16th century villa in Lija, Malta

Villa Parisio is a villa in Lija, Malta. It was built in the 16th century by the Muscati family, and eventually passed into the hands of the Parisio Muscati, de Piro and Strickland families. It is currently the seat of The Strickland Foundation, and also the home of Robert Hornyold-Strickland and his family for his lifetime.

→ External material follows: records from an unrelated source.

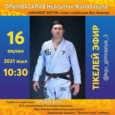16.02.21 күні «Өнегелі өмір» жобасы аясында ұйымдастырылған сұхбат спорт саласына, салауатты өмір салтын насихаттауға арналды. Бүгінгі сұхбатымыз – танымал ММА шебері, джиу-джитсу…
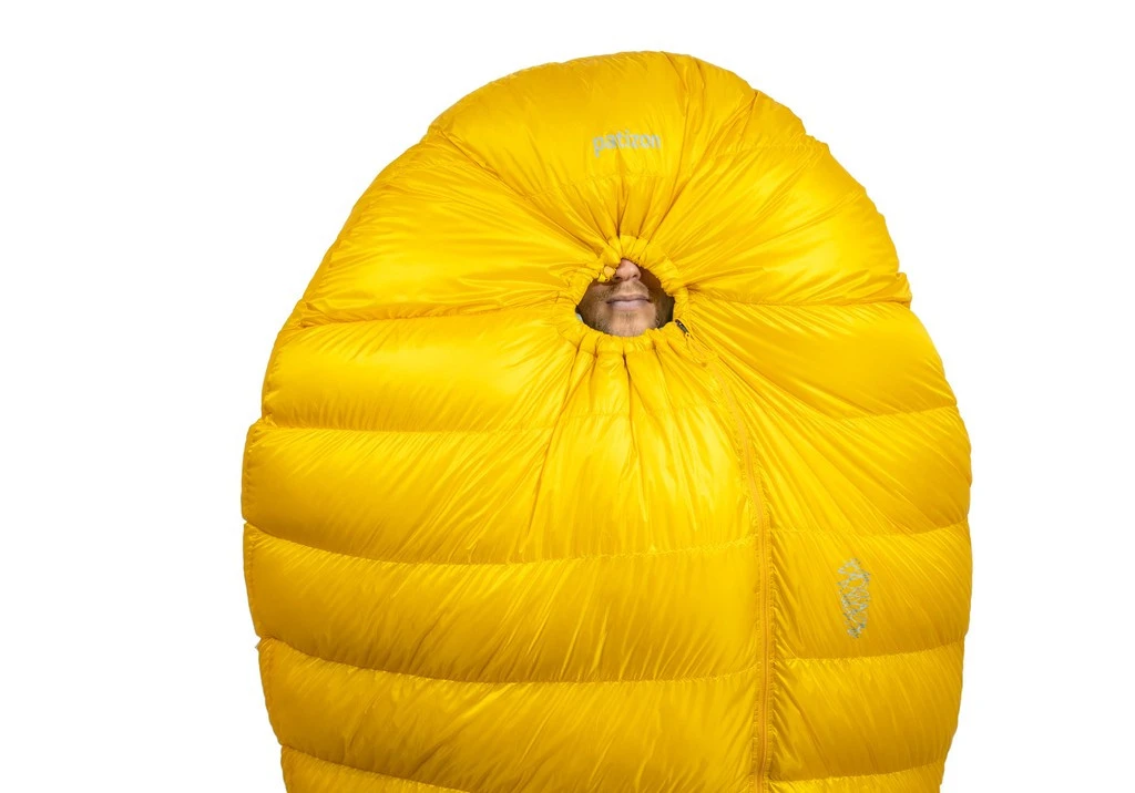 Le G800 est confectionné avec un tissu léger en Pertex Quantum Ripstop DWR, traité contre l’humidité. Sa fermeture éclair semi-automatique de 3 millimètres à deux particularités. Elle remonte sur le dessus permet de la trouver plus facilement dans le noir et d’obtenir une construction plus anatomique au niveau des épaules. Le zip est muni d’un bloqueur, une fois celui-ci enclenché, il ne coulisse plus. Pour protéger le duvet de l’humidité expirez pendant la nuit, le pourtour du visage dispose d’une isolation en fibre synthétique Climashield. Elle ajoute par la même occasion un confort supplémentaire au niveau du cordon de la capuche.
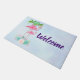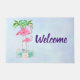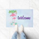 Leuke welkomstdeurmat met een illustratie van een mama en baby roze flamingo die op een bed van bloemensucculente bloemen staat met groene palmbomen die in de rug zwaaien. Tropisch en . De achtergrond is een zomerse lichtblauwe waterverf met hints van paarse.
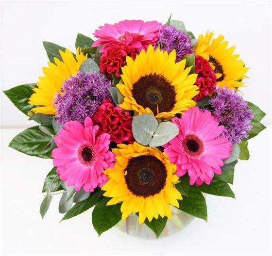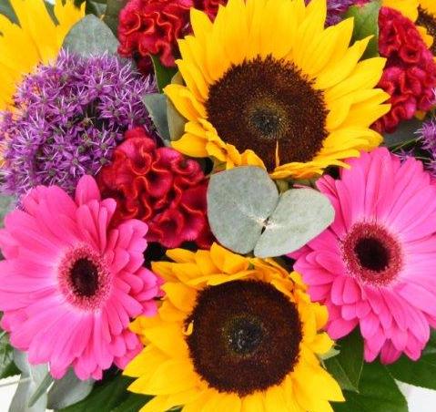 Stunning sunflowers, alliums, celosia and gerberas create a dazzling bouquet.
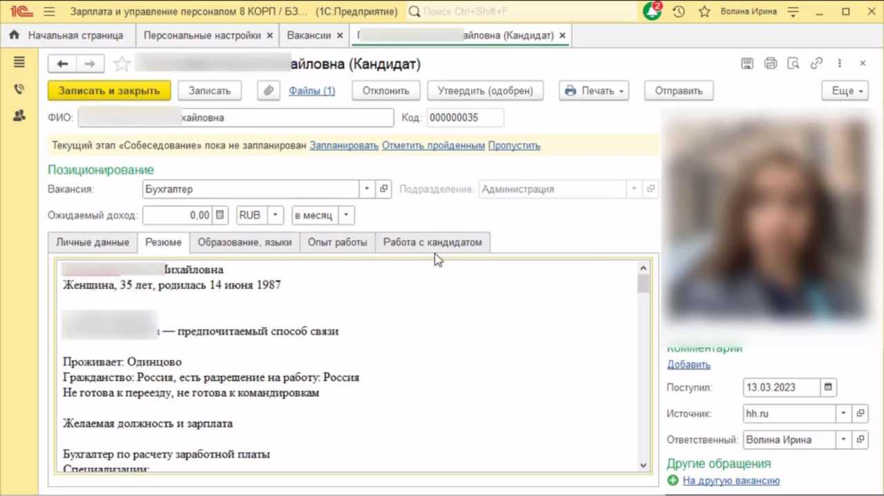 Подбор персонала: построение «воронки кандидатов», пополнение ее за счет интеграции с «работными» сайтами, автоматической загрузкой резюме с HH, SuperJob, Rabota.ru, Зарплата.ру и Авито; возможность парсить файлы резюме из папки или присланные по электронной почте;
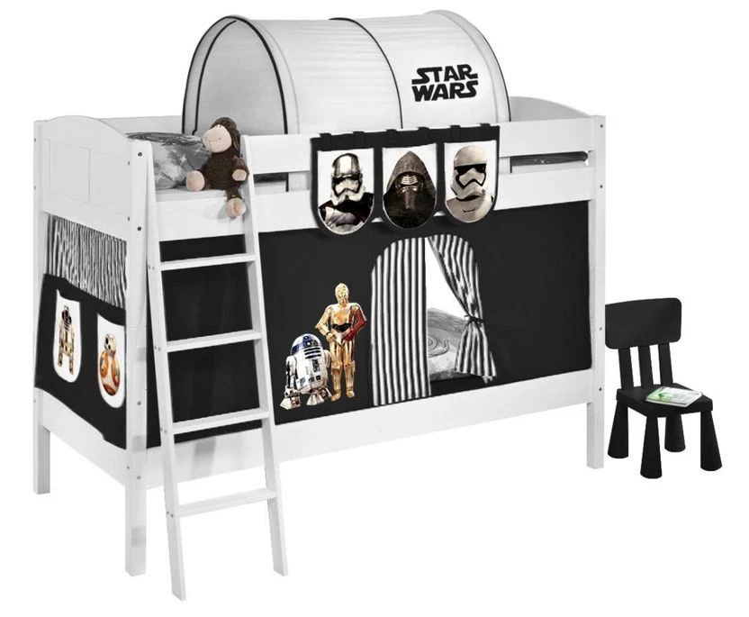 Offre exceptionnelle sur le Lit Superposable Laqué Blanc avec Rideau Noir Star Wars 90×200 cm ! Parfait pour les fans, ce lit allie design et fonctionnalité. Profitez d’un confort optimal et d’un gain de place idéal. Stock limité, commandez vite

Mabel Strickland bought Villa Parisio in 1943. Whilst setting up The Strickland Foundation "for herself and her heirs in perpetuity" Mabel Strickland also left a clause that the seat of her Foundation could relocate to any other place in Malta.

==History==
Villa Parisio is believed to have been built sometime in the 16th century as the summer residence of the Muscati family. The earliest reference to the building dates back to 1567. In 1797, it was inherited by Paolo Parisio Muscati, and passed to his wife Antonia Muscati Xara following his death in 1841. The villa was purchased by Lady Margaret Strickland, the second wife of Lord Strickland in 1938.

The Villa was then purchased 1943, by Mabel Strickland, Lord Strickland's daughter from his first marriage, and she lived there until her death in 1988. It is now the seat of The Strickland Foundation, a foundation set up by Mabel in 1979. Mabel set up the Times of Malta with her father Lord Strickland in 1935.

The ownership of the villa is currently disputed between The Strickland Foundation and Robert Hornyold-Strickland, Mabel Strickland's sole heir.

==Gardens==
The villa has its own gardens, which contain a number of orange and olive trees.